Thanks for this insight. I found a subtle RLS bug by asking Claude Code questions while stepping through the project code, it would have been a bit of a nightmare to discover through the UI.

Recently I used Claude to build a browser plugin to help with exploratory testing; currently it covers autofill detection, test data injection, and word scanning. I basically add a new feature when there’s a need for it.

I have a test case generator prompt but I only use it at the very end of an exploratory testing session to highlight anything I may have missed. Since gaining access to Claude Code, I’ve accidentally fallen into being more hands-on with creating and improving tickets ready for refinement, which has been a surprising outcome. I’m hoping higher-quality tickets will reduce the current rework rate and make the exploratory testing phase smoother, improving efficiency.

1 Like

Hi, Andrew, you raised excellent questions and concerns.

First, as a Quality Manager — not just a tester or test automation engineer — I need to think strategically. My key objective is: how do I minimize critical incidents in production? To answer that, I have to consider the resources I have, the budget, and the complexity of the system under test.

Our application has 1,000+ URLs. Even though I have people doing manual testing, test automation, and domain experts on the team, the sheer complexity makes thorough regression and exploratory testing a serious challenge. We have E2E test automation, unit testing, integration testing — yes, all of it. But you know as well as I do that these tests follow the same workflows every time. They verify known paths. They don’t surprise you.

AutoExplore gives us something different: a daily quality pulse of the system by exploring the app autonomously — paths we didn’t script, data we didn’t prepare, combinations we didn’t think of. Is it shallow compared to a skilled human exploratory tester? Sometimes, yes. But it runs 24/7 across environments without consuming my team’s capacity.

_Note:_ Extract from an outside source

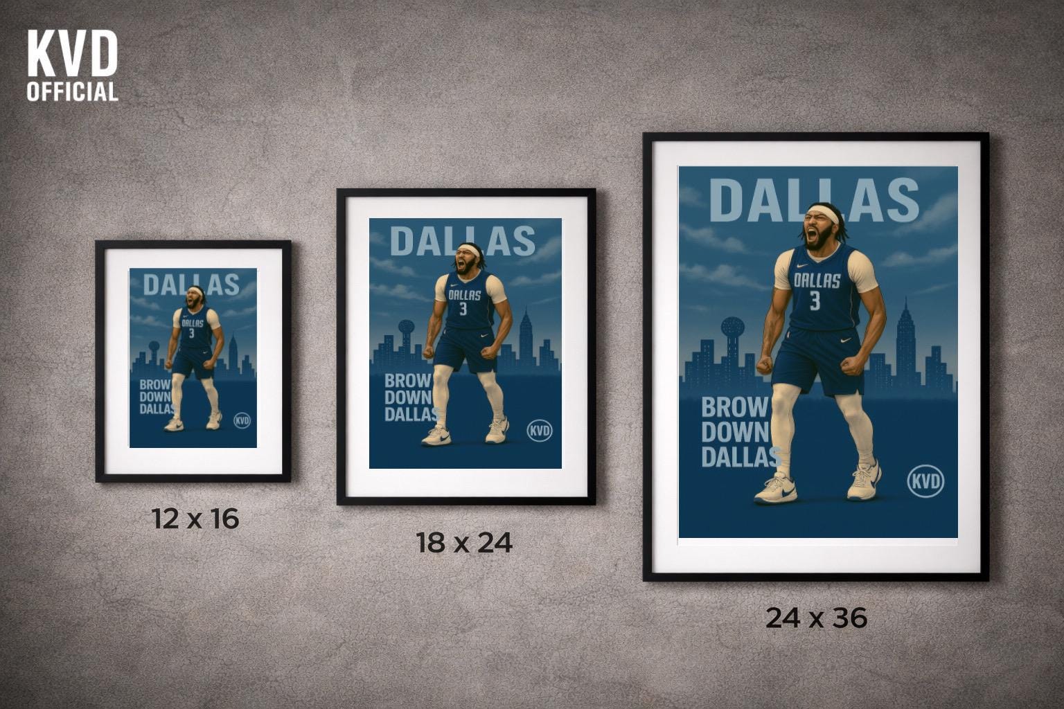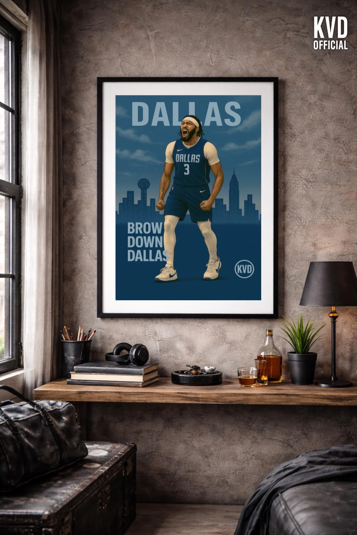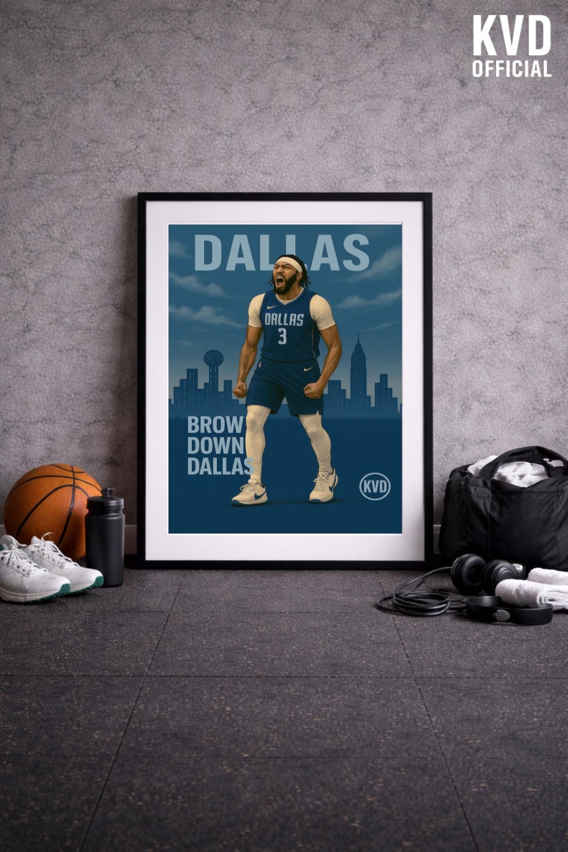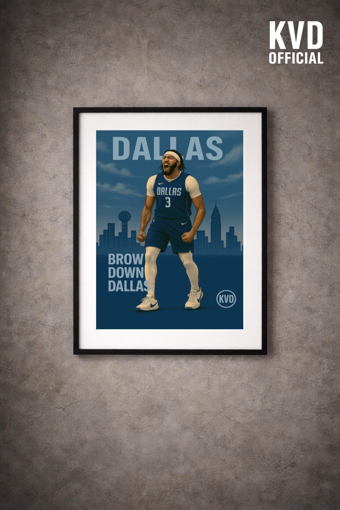 Bring your walls to life with this bold, illustrated poster featuring a basketball icon towering above the Dallas skyline. Designed with illustrated realism and cool-toned grit, this premium print captures presence, dominance, and the ice-cold energy of the Lone Star court.

That’s the trade-off I’m making consciously.

Your point about context awareness is valid and I see it as an opportunity for the product to develop further and generate more value. Right now it catches generic issues — crashes, errors, accessibility gaps, broken flows. Adding context-aware exploration (requirements, business rules, heuristics) would take it to another level.

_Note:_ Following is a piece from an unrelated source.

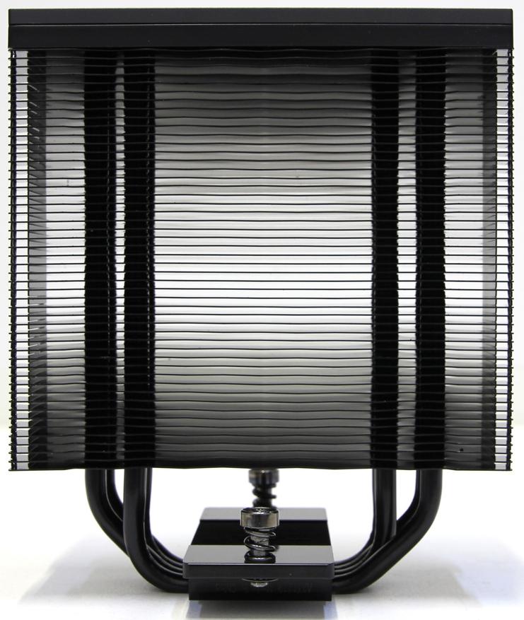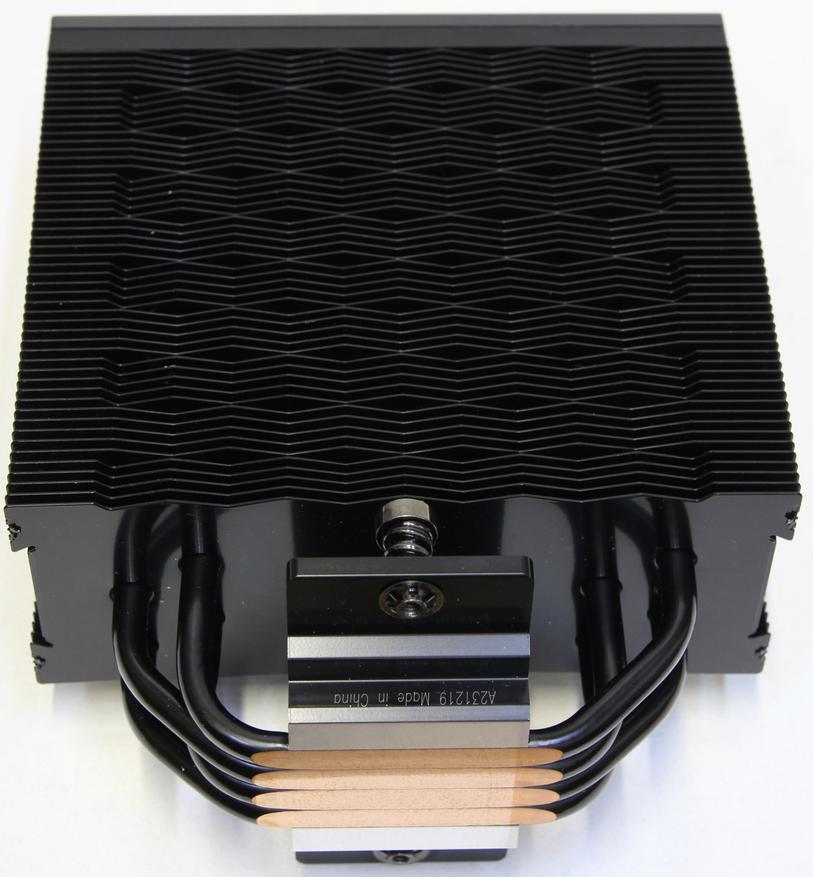 Если посмотреть на радиатор сбоку, то заметно, что он не симметричный. Также сами пластинки немного отличаются и образуют с противоположной от вентилятора стороны, своеобразный узор. Пластины размером 130 х 55 мм, а толщина 0,4 мм. Расстояние между пластин около 2 мм. Общая площадь поверхности пластин составляет приблизительно 7150 кв. см. Вес всего радиатора с верхней декоративной крышкой около 600 г.

I’ve also experimented with Playwright agents that dynamically navigate the browser. My take: the potential is real, but there’s a significant gap between a promising POC and a robust solution that works day after day without requiring maintenance from my QA team. For a small team with limited resources, a production-ready tool like AutoExplore is the practical choice today.

To your bigger question — what do we lose by having machines simulate human investigative testing? I don’t see it as replacement. I see it as coverage expansion. My human testers focus on complex scenarios, business logic validation, and the “does this actually make sense?” questions that require domain knowledge. AutoExplore covers the surface area that no human team could realistically touch every day on a 1,000+ URL application.

1 Like

How is the token usage and costs?

The following came up in another discussion, I am not sure how that small example compares to what you get from autoexplore but is sort of what I think of when ai and exploring are discussed. Extrapolating that sort of thing to all risk and a whole app, as you said 1000+ urls so likely a lot of risks to explore would that not be fairly costly?

How does the example below compare, is it overkill and how would the costs relate?

“One factor though of agents doing investigative testing via the browser could be costs, running 50 experiments dynamically for a checkout page given a prompt containing 50 risks to looks for without some sort of optimisation for example.”